鞍馬には古くから七仲間という代々受け継がれている住民組織があり、祭祀を掌握しています。この仲間に鉾があり、鉾を先頭に松明が進みんで各仲間が所定の場所で他の仲間と合流する諸礼という儀式を行った後、御神輿のある山門前に進みます。そのときには石段に燃えさかる松明が何本もたちならび、壮観です。見ている方は壮観ですが、松明を支えている方は大変です。重い松明を立てて支えているだけでもむずかしいのに、頭の上から火の粉や燃えている柴が降ってくるのですから。

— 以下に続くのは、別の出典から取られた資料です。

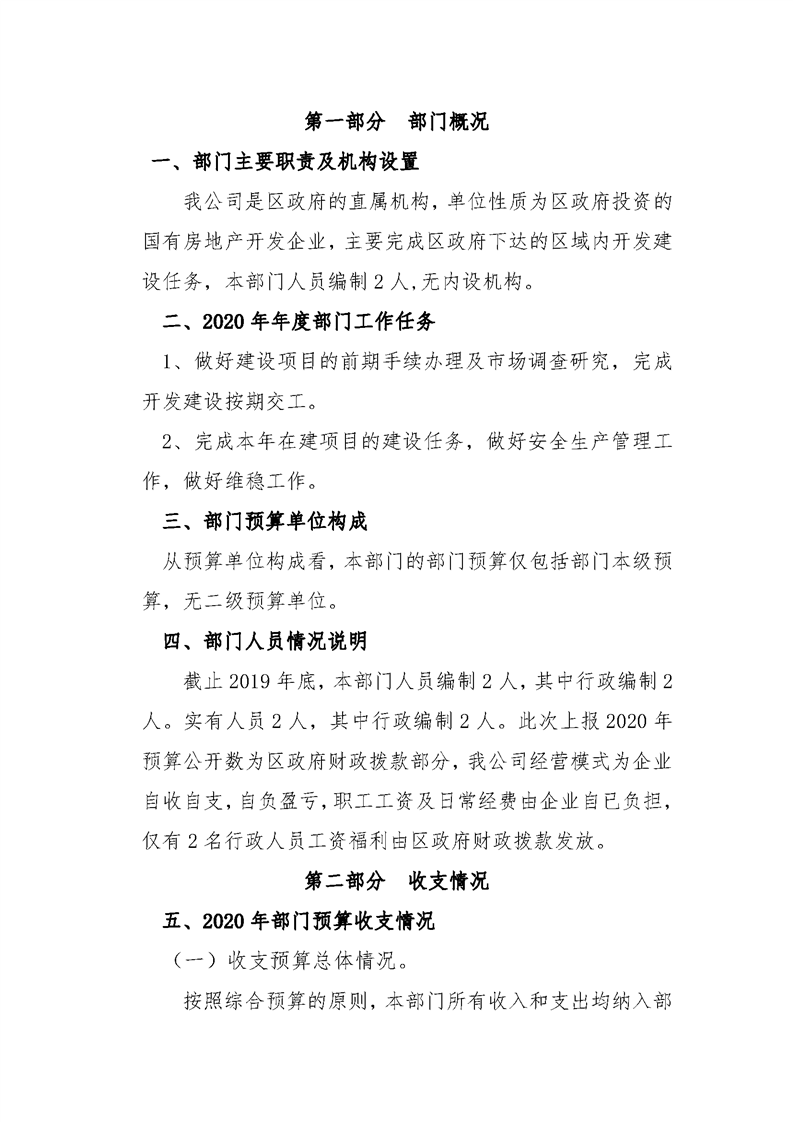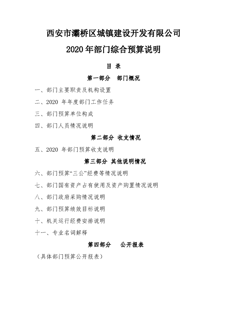 灞桥区城镇建设开发有限公司2020年部门综合预算说明

立ち並ぶ松明が徐々に一カ所に集められ、大きな炎となる頃に注連が切られてお祭りは御神輿の渡御へとうつってゆきます。この御神輿が石段を下りる際に御神輿をかつぐための棒の前方に若者が足を開いてぶら下がる「チョッペン」という儀式があり、鞍馬の成人式の名残だと言われています。また、御神輿が階段を下りる際に御神輿の後ろにつけた綱を持つ綱方という役があり、女性がその役を担います。
御神輿が町中を渡御して御旅所に安置されて、この日のお祭りはフィナーレを迎えるころには日付が変わっています。
祭りの中にいると、鞍馬の人々にとって火祭りがとても特別なものであるのがよくわかります。火祭りの後に登園してきた年長の男の子は背中にやけどをしていました。「松明でやけどしたん?」ときくと、誇らしげに「うん!」と答えていました。その笑顔は、よくぞ聞いてくれたという満足と自信に満ちあふれていました。